RAID array causing "BUG: soft lockup" errors/system freeze
Affects | Status | Importance | Assigned to | Milestone | |
---|---|---|---|---|---|
linux (Ubuntu) |
Fix Released
|
High
|
Andy Whitcroft | ||
Intrepid |
Fix Released
|
High
|
Andy Whitcroft |
Bug Description
Running Ubuntu 8.10 Intrepid Desktop 64-bit with all current updates.
Kernel is 2.6.27-9-generic #1 SMP Thu Nov 20 22:15:32 UTC 2008 x86_64 GNU/Linux.
System is Abit IP35-Pro motherboard, Q9550 CPU, 8 GB RAM, 4 Western Digital WD6401AALS-00L3B2 drives (640 GB, SATA).
MemTest and drive tests returns no errors. Using a RAID5 array across the 4 drives with XFS and Ext3 as the file systems.
It seems when the system gets under heavy I/O load on the RAID array it will eventually freeze (requiring a hard reboot). The errors are inconsistent in how long they take to show up and the specific applications causing the I/O load don't seem to matter but the error always shows up eventually. It has already happened dozens of times after I start a load on the machine.
Examples of scenarios where the bug has appeared:
* Running Bonnie++ benchmarks. I have seen this kill the system within 30 seconds. Other times it causes no problems.
* Running a large SQlite import while simultaneously tar/gzip'ing a large directory structure.
* Running a large MySql import while tar/gzip'ing a large directory structure.
* Multiple tar/gzip processes running at the same time.
The specific process that gets the "CPU: soft lockup" error varies.

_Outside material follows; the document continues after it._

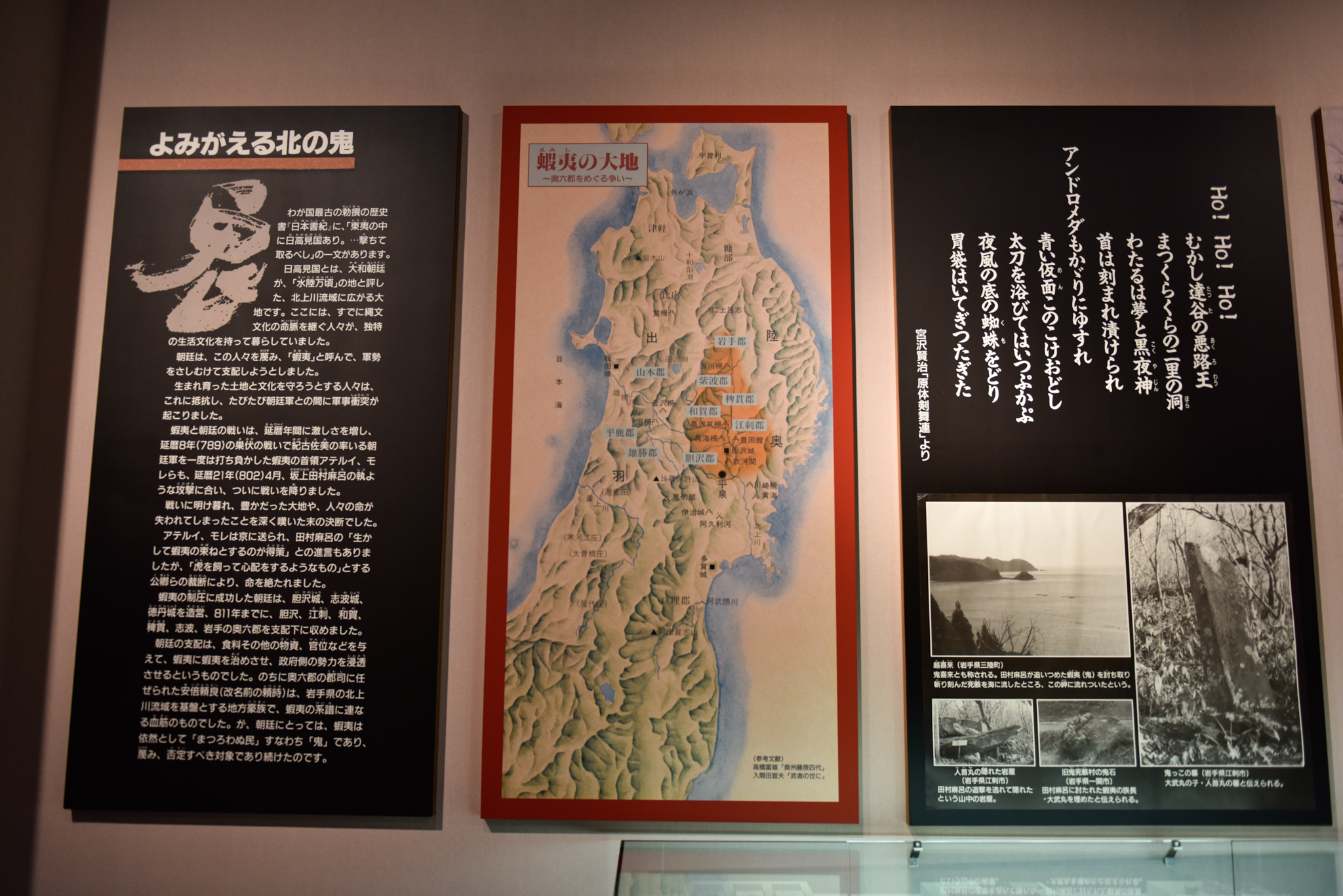 さあ、展示も終盤。日本や世界の鬼たちにたくさん驚かされてから、足元を見るとどんな鬼の世界が見えてくるのだろう。地元の北上市の鬼についても紹介されている。鬼が出現する背景から、朝廷と蝦夷と攻防の流れといった歴史的背景の知識まで詳しく知ることができるようになっている。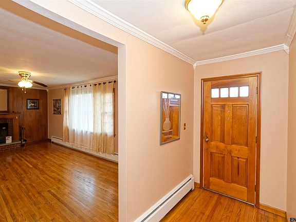 Situated on a level lot within walking distance to all local shopping sits this 1300+ sq ft LATHAM ranch w/ IG pool. HW flrs throughout. Updates include brand new roof last month, new kitchen, newer appliances, updated fully tiled bath, freshly painted, custom shed, H20 tank, & lots more. Hot water baseboard heat. North Colonie schools, low taxes, and super convenient location. Full dry basement could easily be finished and walks out to a great yard. 3 season breezeway leads to a large 1 car garage.

I have seen it lockup in kswapd, pdflush, gzip, sqlite3, bonnie++ (see attached logs).
I have attached some of my stack traces. They repeat many times and I have only included the first distinct events before my system crashed.
affects: | mdadm (Ubuntu) → linux (Ubuntu) |
Changed in linux (Ubuntu): | |
importance: | Undecided → High |
status: | New → Triaged |
tags: | added: regression-release |
Changed in linux (Ubuntu Intrepid): | |
importance: | Undecided → High |
I meant to note that the RAID5 array is a software RAID array created with:
mdadm --create /dev/md1 --chunk=256 --level=5 --raid-devices=4 /dev/sdb2 /dev/sdc2 /dev/sdd2 /dev/sde2
This same system was running XFS on a single drive without problems so it may be some sort of RAID/XFS interaction or bandwidth issue as the performance is much higher than previously.